(Stored items)
━━━━
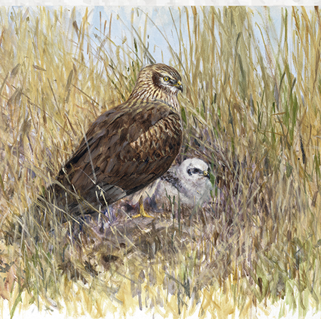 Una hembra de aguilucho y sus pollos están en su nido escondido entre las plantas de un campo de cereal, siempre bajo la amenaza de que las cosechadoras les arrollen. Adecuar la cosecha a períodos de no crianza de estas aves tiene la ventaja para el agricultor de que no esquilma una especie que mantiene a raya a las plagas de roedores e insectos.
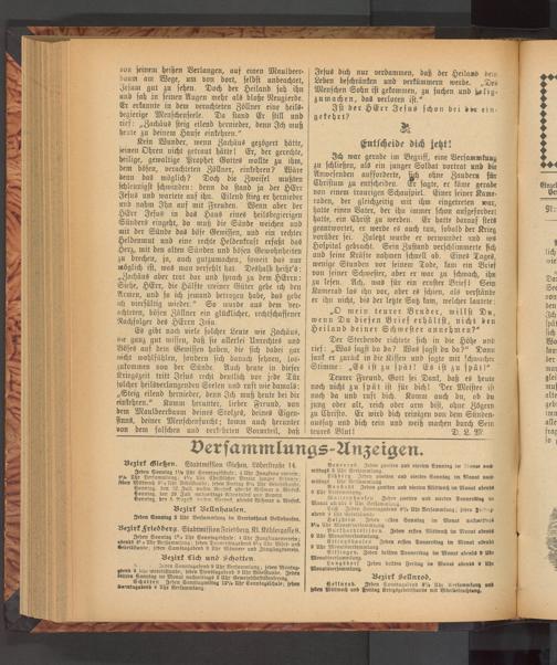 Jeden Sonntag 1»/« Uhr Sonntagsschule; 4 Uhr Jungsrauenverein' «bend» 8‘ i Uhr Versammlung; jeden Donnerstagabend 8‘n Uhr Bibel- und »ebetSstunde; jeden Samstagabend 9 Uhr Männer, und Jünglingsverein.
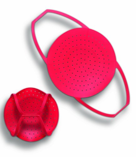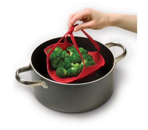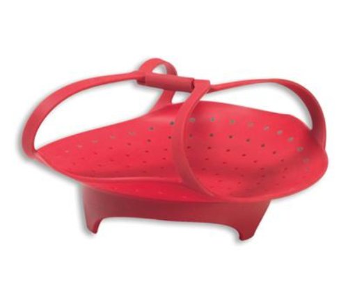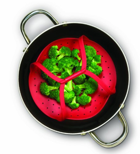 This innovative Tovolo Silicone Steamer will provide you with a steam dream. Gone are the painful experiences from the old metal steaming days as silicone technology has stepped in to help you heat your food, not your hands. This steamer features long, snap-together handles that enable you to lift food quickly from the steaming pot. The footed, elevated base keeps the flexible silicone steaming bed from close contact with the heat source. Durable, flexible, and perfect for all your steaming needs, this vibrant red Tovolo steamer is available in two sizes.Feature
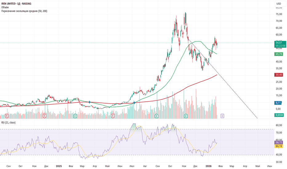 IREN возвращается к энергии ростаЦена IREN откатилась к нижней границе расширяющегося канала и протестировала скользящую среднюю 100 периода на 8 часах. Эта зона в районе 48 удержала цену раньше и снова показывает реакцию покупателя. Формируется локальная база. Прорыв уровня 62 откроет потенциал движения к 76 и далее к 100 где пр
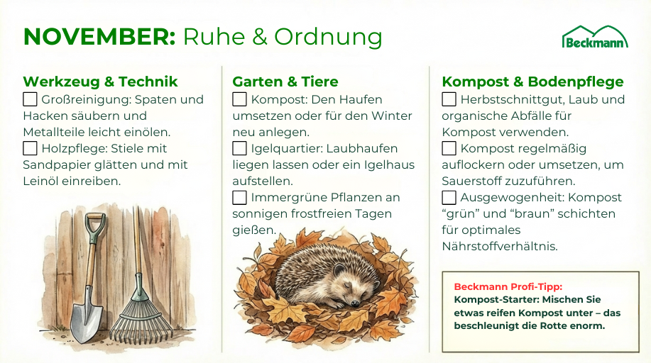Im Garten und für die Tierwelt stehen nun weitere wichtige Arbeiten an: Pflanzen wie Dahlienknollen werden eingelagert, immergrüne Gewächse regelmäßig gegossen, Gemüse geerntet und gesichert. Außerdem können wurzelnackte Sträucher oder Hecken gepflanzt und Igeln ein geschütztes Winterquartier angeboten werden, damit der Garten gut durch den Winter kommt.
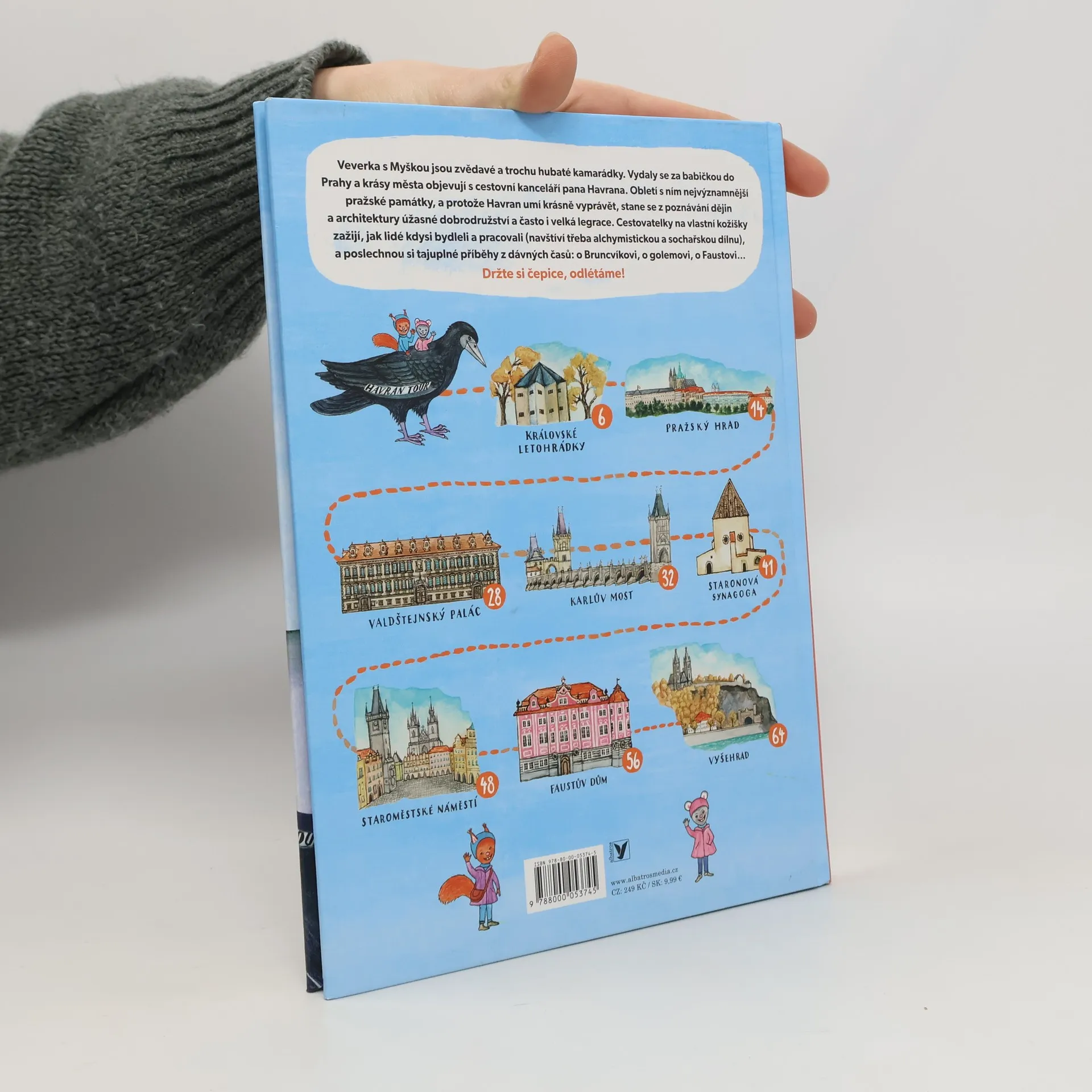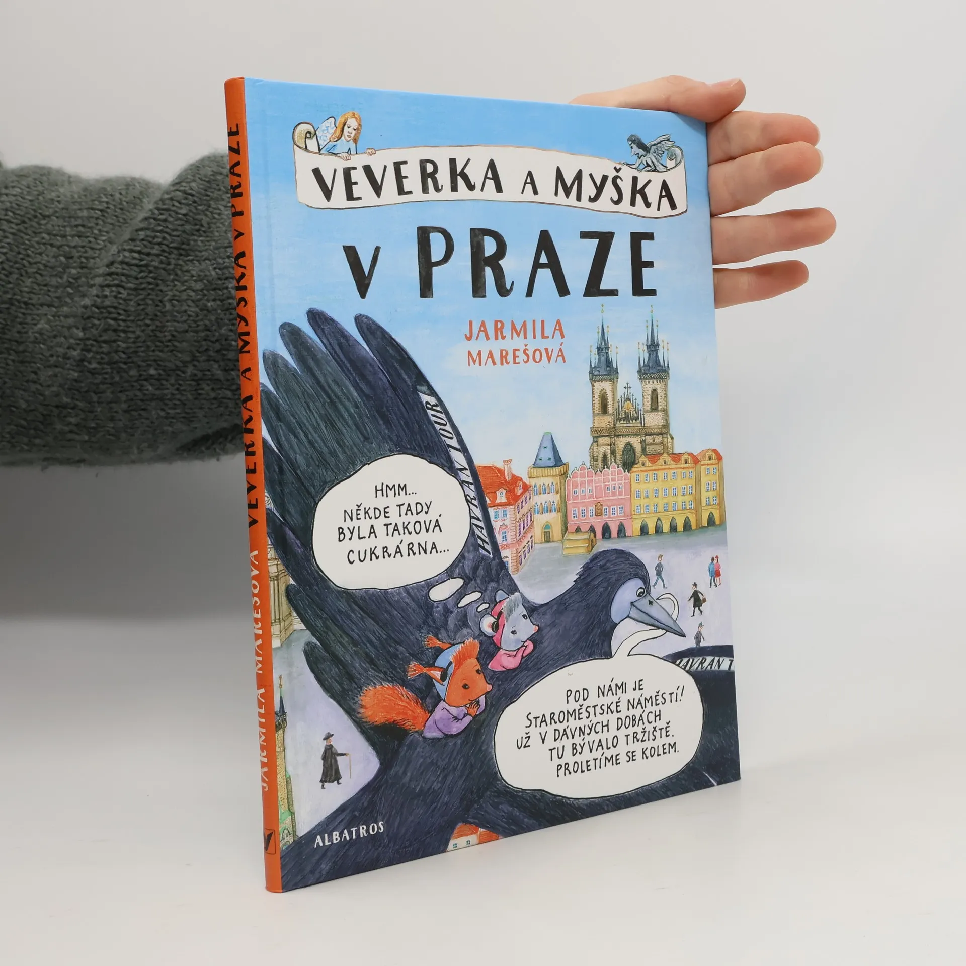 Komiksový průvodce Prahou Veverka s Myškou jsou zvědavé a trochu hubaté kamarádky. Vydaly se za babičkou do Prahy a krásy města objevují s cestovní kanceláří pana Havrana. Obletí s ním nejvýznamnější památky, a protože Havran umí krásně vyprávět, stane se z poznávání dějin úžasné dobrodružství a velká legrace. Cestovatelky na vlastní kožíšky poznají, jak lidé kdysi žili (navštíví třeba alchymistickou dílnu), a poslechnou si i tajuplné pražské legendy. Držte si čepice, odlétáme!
━━━━
EXERCISE PROMPT: Write out the records above exactly. Pictures do not belong in the copy.

OUTPUT FOR THIS EXERCISE:
 Una hembra de aguilucho y sus pollos están en su nido escondido entre las plantas de un campo de cereal, siempre bajo la amenaza de que las cosechadoras les arrollen. Adecuar la cosecha a períodos de no crianza de estas aves tiene la ventaja para el agricultor de que no esquilma una especie que mantiene a raya a las plagas de roedores e insectos.
 Jeden Sonntag 1»/« Uhr Sonntagsschule; 4 Uhr Jungsrauenverein' «bend» 8‘ i Uhr Versammlung; jeden Donnerstagabend 8‘n Uhr Bibel- und »ebetSstunde; jeden Samstagabend 9 Uhr Männer, und Jünglingsverein.
 This innovative Tovolo Silicone Steamer will provide you with a steam dream. Gone are the painful experiences from the old metal steaming days as silicone technology has stepped in to help you heat your food, not your hands. This steamer features long, snap-together handles that enable you to lift food quickly from the steaming pot. The footed, elevated base keeps the flexible silicone steaming bed from close contact with the heat source. Durable, flexible, and perfect for all your steaming needs, this vibrant red Tovolo steamer is available in two sizes.Feature
 IREN возвращается к энергии ростаЦена IREN откатилась к нижней границе расширяющегося канала и протестировала скользящую среднюю 100 периода на 8 часах. Эта зона в районе 48 удержала цену раньше и снова показывает реакцию покупателя. Формируется локальная база. Прорыв уровня 62 откроет потенциал движения к 76 и далее к 100 где пр
Im Garten und für die Tierwelt stehen nun weitere wichtige Arbeiten an: Pflanzen wie Dahlienknollen werden eingelagert, immergrüne Gewächse regelmäßig gegossen, Gemüse geerntet und gesichert. Außerdem können wurzelnackte Sträucher oder Hecken gepflanzt und Igeln ein geschütztes Winterquartier angeboten werden, damit der Garten gut durch den Winter kommt.
 Komiksový průvodce Prahou Veverka s Myškou jsou zvědavé a trochu hubaté kamarádky. Vydaly se za babičkou do Prahy a krásy města objevují s cestovní kanceláří pana Havrana. Obletí s ním nejvýznamnější památky, a protože Havran umí krásně vyprávět, stane se z poznávání dějin úžasné dobrodružství a velká legrace. Cestovatelky na vlastní kožíšky poznají, jak lidé kdysi žili (navštíví třeba alchymistickou dílnu), a poslechnou si i tajuplné pražské legendy. Držte si čepice, odlétáme!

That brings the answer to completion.